BEGIN

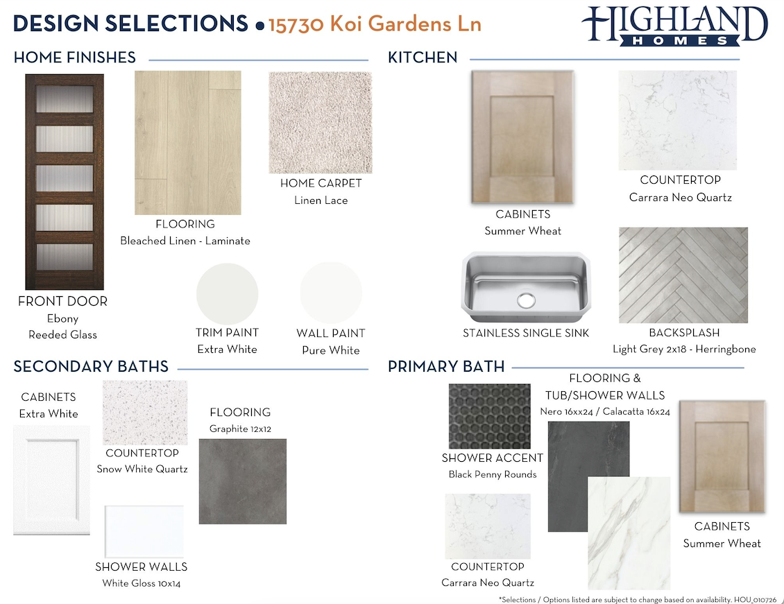 Since this home is already under construction, all structural options are finalized. However, depending on the level of completion, some design options may still be selected.
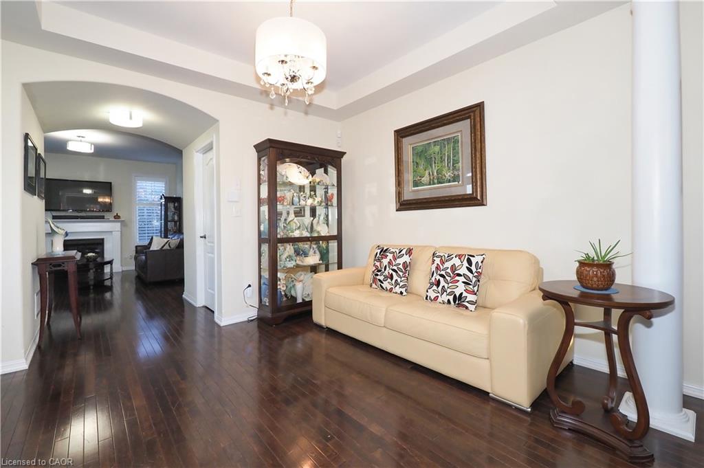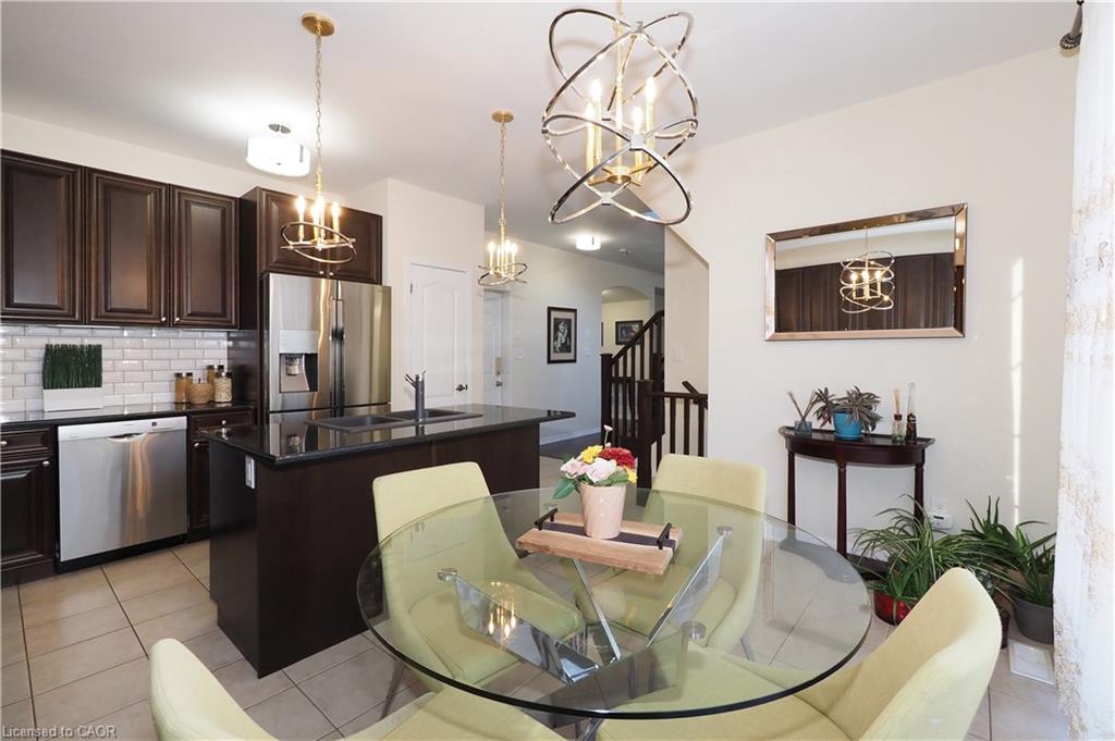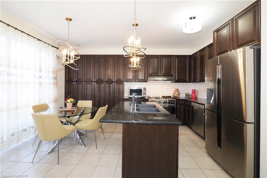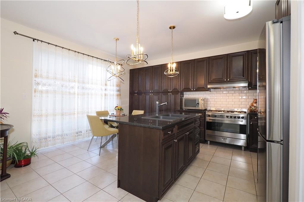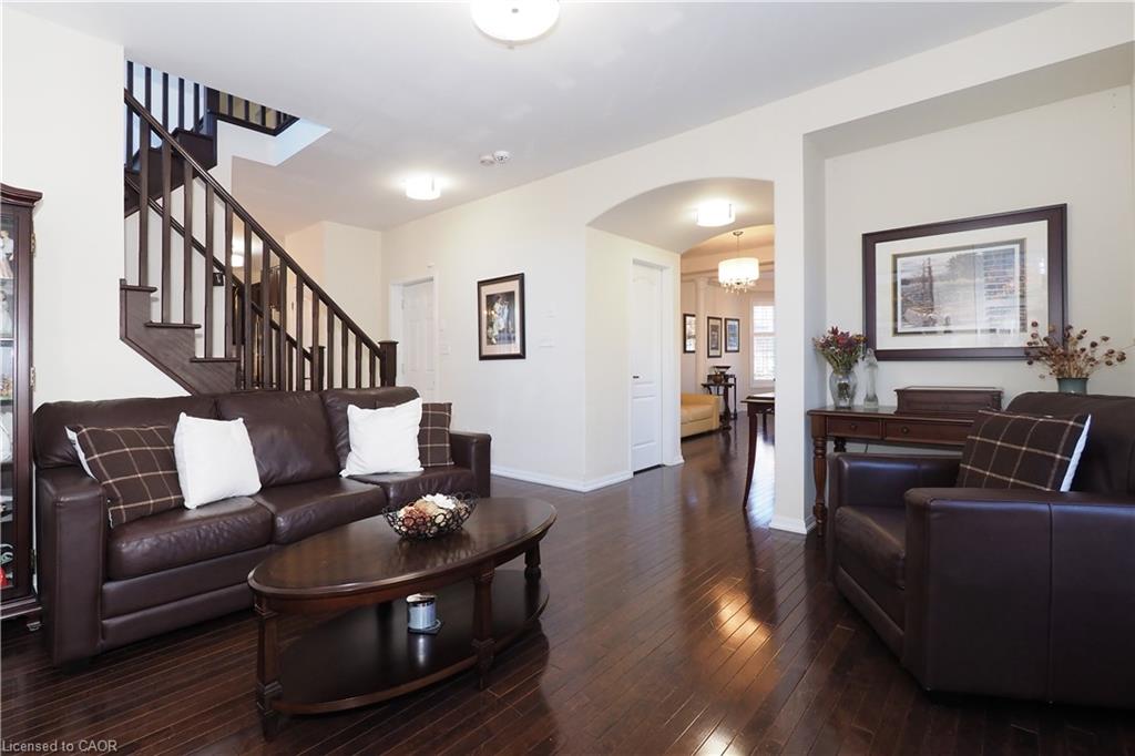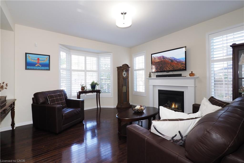 Welcome to Millpond one of Cambridges most desirable communities where this beautifully built Mattamy home combines timeless style, thoughtful upgrades, and modern convenience. Step inside and you’ll immediately notice the 9-foot ceilings and custom hardwood flooring that flows throughout both the main and upper levels completely carpet-free living. The open-concept main floor features elegant archways, a coffered ceiling, and a gas fireplace that anchors the family room. The spacious kitchen offers an abundance of maple cabinetry, granite countertops, a center island, pantry, and a gas/electric hookup ready for the oversized 36 gas stove perfect for any home chef. A bright dinette walks out to the fully fenced, beautifully landscaped backyard, ideal for relaxing or entertaining outdoors. Upstairs, discover three generously sized bedrooms, a versatile den, library or office area, and a convenient laundry room with washer and dryer included. The primary suite features a large walk-in closet and a luxurious ensuite with a soaker tub and separate shower your private retreat after a long day. The finished basement extends your living space with two recreation areas with many recessed lights and luxury vinyl floors and a two-piece bath perfect for a home gym, office, or games room. Additional highlights include a 200-amp electrical service, alarm system that is not currently monitored, double garage with built-in storage and garage door opener, and a garden shed for outdoor storage. Located steps from walking trails, schools are within walking distance, and just minutes from shopping, restaurants, and highway access, 15 minutes to Kitchener or Guelph this is the perfect place to call home. Don’t miss your opportunity to live in Millpond where comfort, quality, and community come together.
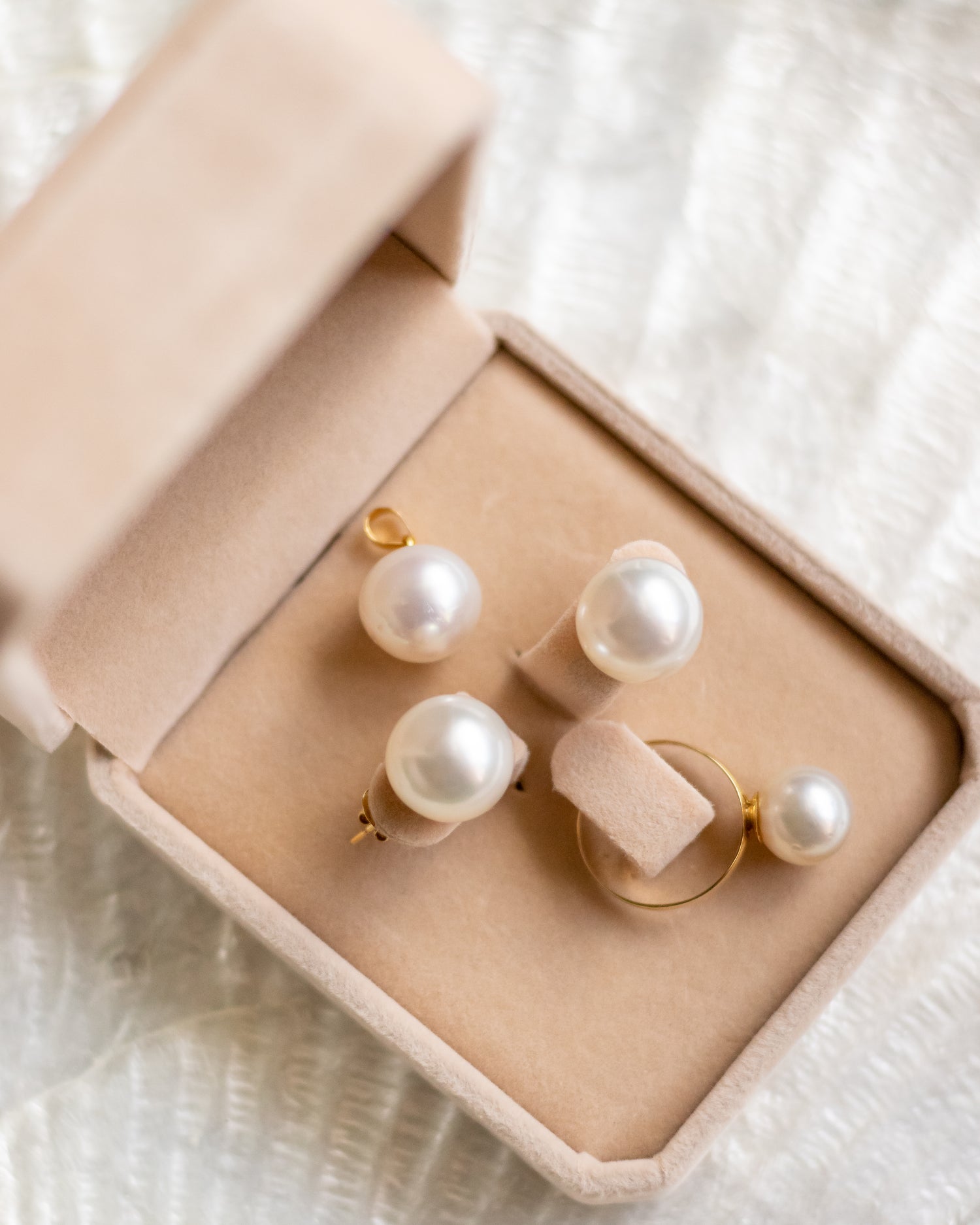 Materials: Genuine South Sea Pearls in 14-karat yellow gold. This set includes pendant, ring and earrings only.
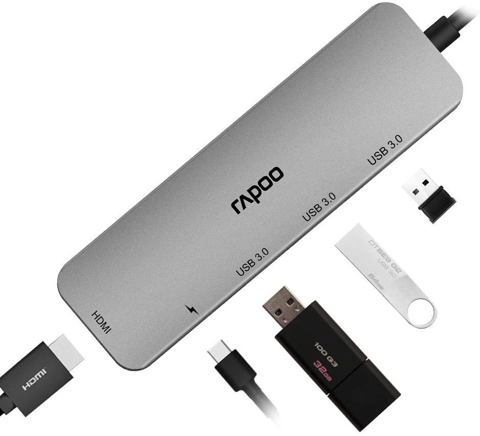 Bộ chia USB Type-C Rapoo 5-in-1 XD100 Dễ dàng mở rộng kết nối Với công nghệ ngày càng phát triển thì các dòng Macbook hoặc Laptop bắt đầu mỏng dần đi và các cổng kết nối đều được thu gọn và thay thế với chuẩn USB Type-C mới nhất và siêu nhỏ. Điều đó sẽ làm cho máy tính của bạn trông gọn gàng hơn nhưng sẽ cực kỳ khó sử dụng vì thiếu cổng kết nối. Thì điều bạn cần phải quan tâm đó là một thiết bị có thể giúp bạn mở rộng các cổng kết nối để sử dụng chuột, USB hoặc bất kì một thiết bị nào đó có giao tiếp USB. Xin giới thiệu đến bạn một sản phẩm có thể giúp bạn giải quyết vấn đề đò: Bộ chia USB Type-C Rapoo 5-in-1 XD100, với khả năng mở rộng tối đa 3 cổng USB Type-A, HDMI và Type-C cực kỳ tiện lợi. |
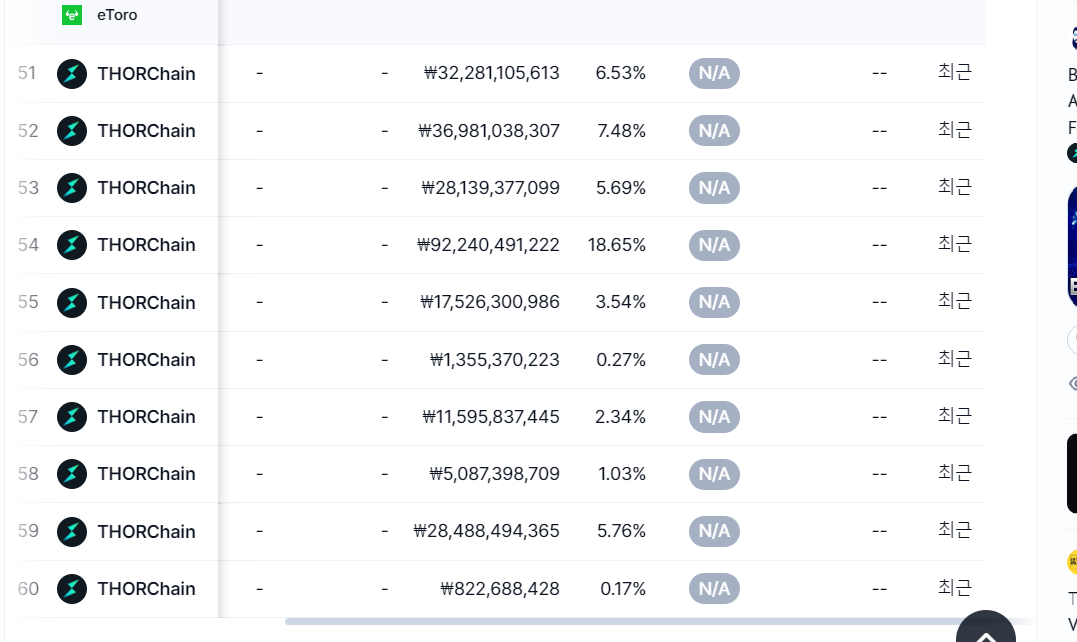 THORChain (RUNE) 가격, 차트, 시가총액 | 코인마켓캡
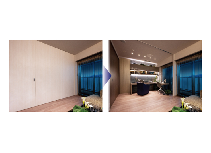 開ければリビングと洋室が一体化、閉めれば壁のように空間を仕切ることができ、暮らし方やシーンに合わせてフレキシブルなレイアウトが可能です。
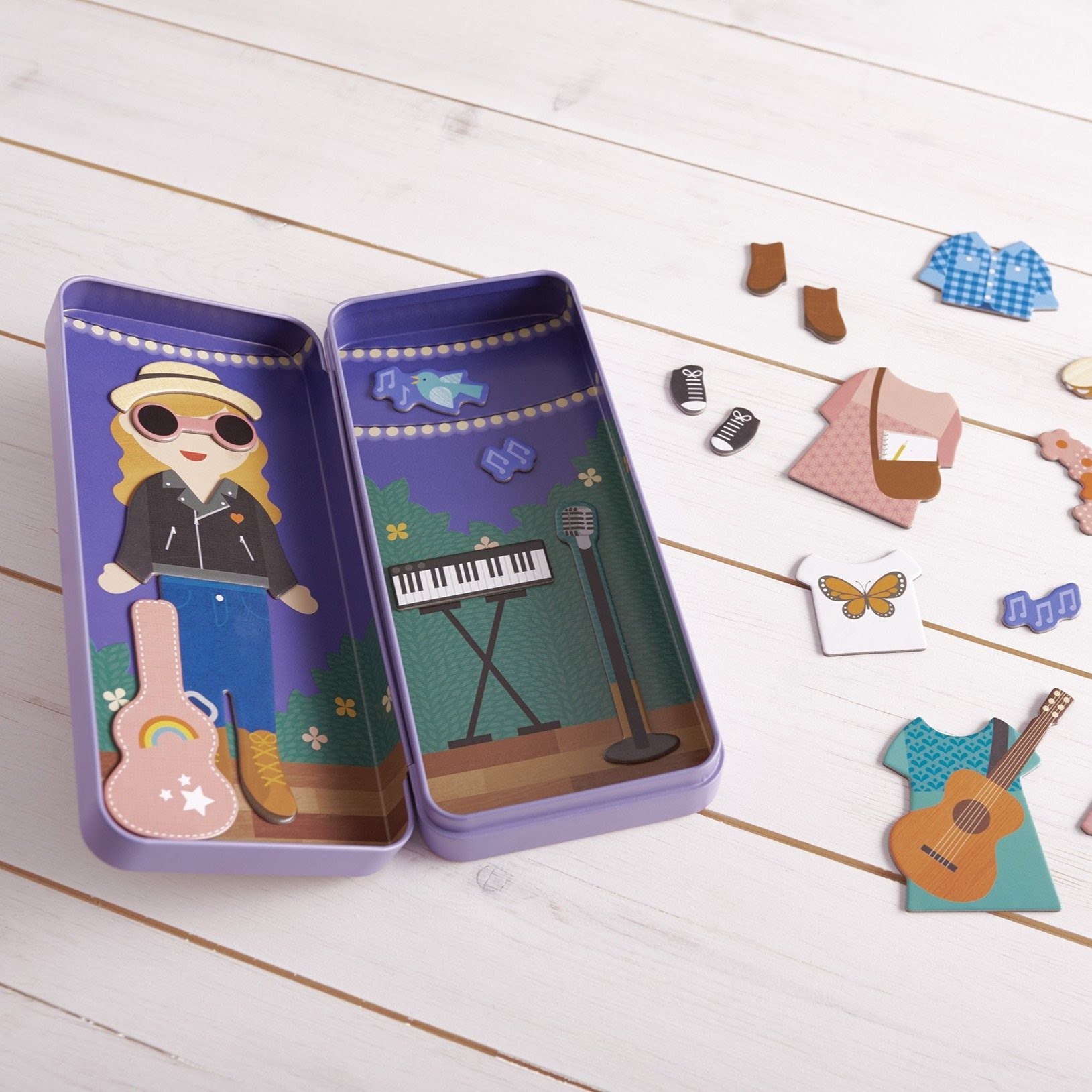 Poškozená kovová krabička. Nové zboží bez závad. Kreativní. Smělá. Vynalézavá. Použijte magnetické dílky k vytvoření vlastní muzikantky a koncertního pódia. Každý může mít velké sny, které jsou s dostatkem píle splnitelné. Tato sada: - inspiruje mladé umělce, aby si šli za svou vášní, - obsahuje obrázek mladé muzikantky s magnetickými doplňky, - obsahuje dvě koncertní scény. Hlavním posláním americké firmy Petitcollage je skloubení moderního designu, ekologie a udržitelnosti. Originální výrobky jsou navrhované v Kalifornii a v současné době jsou prodávány po celém světě. Výrobky jsou vyrobeny z recyklovaných materiálů, bambusu nebo kvalitního certifikovaného dřeva. Veškeré používané barvy při výrobě jsou na rostlinné bázi a šetrné k životnímu prostředí. Výrobky jsou navrženy tak, aby rostly s Vašimi dětmi a vytvářely také svým designem krásný a útulný domov.

END

> TASK STATEMENT
An exact reproduction of the data is required, with pictures excluded.

> RESULT FOR THIS TASK
 Since this home is already under construction, all structural options are finalized. However, depending on the level of completion, some design options may still be selected.
 Welcome to Millpond one of Cambridges most desirable communities where this beautifully built Mattamy home combines timeless style, thoughtful upgrades, and modern convenience. Step inside and you’ll immediately notice the 9-foot ceilings and custom hardwood flooring that flows throughout both the main and upper levels completely carpet-free living. The open-concept main floor features elegant archways, a coffered ceiling, and a gas fireplace that anchors the family room. The spacious kitchen offers an abundance of maple cabinetry, granite countertops, a center island, pantry, and a gas/electric hookup ready for the oversized 36 gas stove perfect for any home chef. A bright dinette walks out to the fully fenced, beautifully landscaped backyard, ideal for relaxing or entertaining outdoors. Upstairs, discover three generously sized bedrooms, a versatile den, library or office area, and a convenient laundry room with washer and dryer included. The primary suite features a large walk-in closet and a luxurious ensuite with a soaker tub and separate shower your private retreat after a long day. The finished basement extends your living space with two recreation areas with many recessed lights and luxury vinyl floors and a two-piece bath perfect for a home gym, office, or games room. Additional highlights include a 200-amp electrical service, alarm system that is not currently monitored, double garage with built-in storage and garage door opener, and a garden shed for outdoor storage. Located steps from walking trails, schools are within walking distance, and just minutes from shopping, restaurants, and highway access, 15 minutes to Kitchener or Guelph this is the perfect place to call home. Don’t miss your opportunity to live in Millpond where comfort, quality, and community come together.
 Materials: Genuine South Sea Pearls in 14-karat yellow gold. This set includes pendant, ring and earrings only.
 Bộ chia USB Type-C Rapoo 5-in-1 XD100 Dễ dàng mở rộng kết nối Với công nghệ ngày càng phát triển thì các dòng Macbook hoặc Laptop bắt đầu mỏng dần đi và các cổng kết nối đều được thu gọn và thay thế với chuẩn USB Type-C mới nhất và siêu nhỏ. Điều đó sẽ làm cho máy tính của bạn trông gọn gàng hơn nhưng sẽ cực kỳ khó sử dụng vì thiếu cổng kết nối. Thì điều bạn cần phải quan tâm đó là một thiết bị có thể giúp bạn mở rộng các cổng kết nối để sử dụng chuột, USB hoặc bất kì một thiết bị nào đó có giao tiếp USB. Xin giới thiệu đến bạn một sản phẩm có thể giúp bạn giải quyết vấn đề đò: Bộ chia USB Type-C Rapoo 5-in-1 XD100, với khả năng mở rộng tối đa 3 cổng USB Type-A, HDMI và Type-C cực kỳ tiện lợi. |
 THORChain (RUNE) 가격, 차트, 시가총액 | 코인마켓캡
 開ければリビングと洋室が一体化、閉めれば壁のように空間を仕切ることができ、暮らし方やシーンに合わせてフレキシブルなレイアウトが可能です。
 Poškozená kovová krabička. Nové zboží bez závad. Kreativní. Smělá. Vynalézavá. Použijte magnetické dílky k vytvoření vlastní muzikantky a koncertního pódia. Každý může mít velké sny, které jsou s dostatkem píle splnitelné. Tato sada: - inspiruje mladé umělce, aby si šli za svou vášní, - obsahuje obrázek mladé muzikantky s magnetickými doplňky, - obsahuje dvě koncertní scény. Hlavním posláním americké firmy Petitcollage je skloubení moderního designu, ekologie a udržitelnosti. Originální výrobky jsou navrhované v Kalifornii a v současné době jsou prodávány po celém světě. Výrobky jsou vyrobeny z recyklovaných materiálů, bambusu nebo kvalitního certifikovaného dřeva. Veškeré používané barvy při výrobě jsou na rostlinné bázi a šetrné k životnímu prostředí. Výrobky jsou navrženy tak, aby rostly s Vašimi dětmi a vytvářely také svým designem krásný a útulný domov.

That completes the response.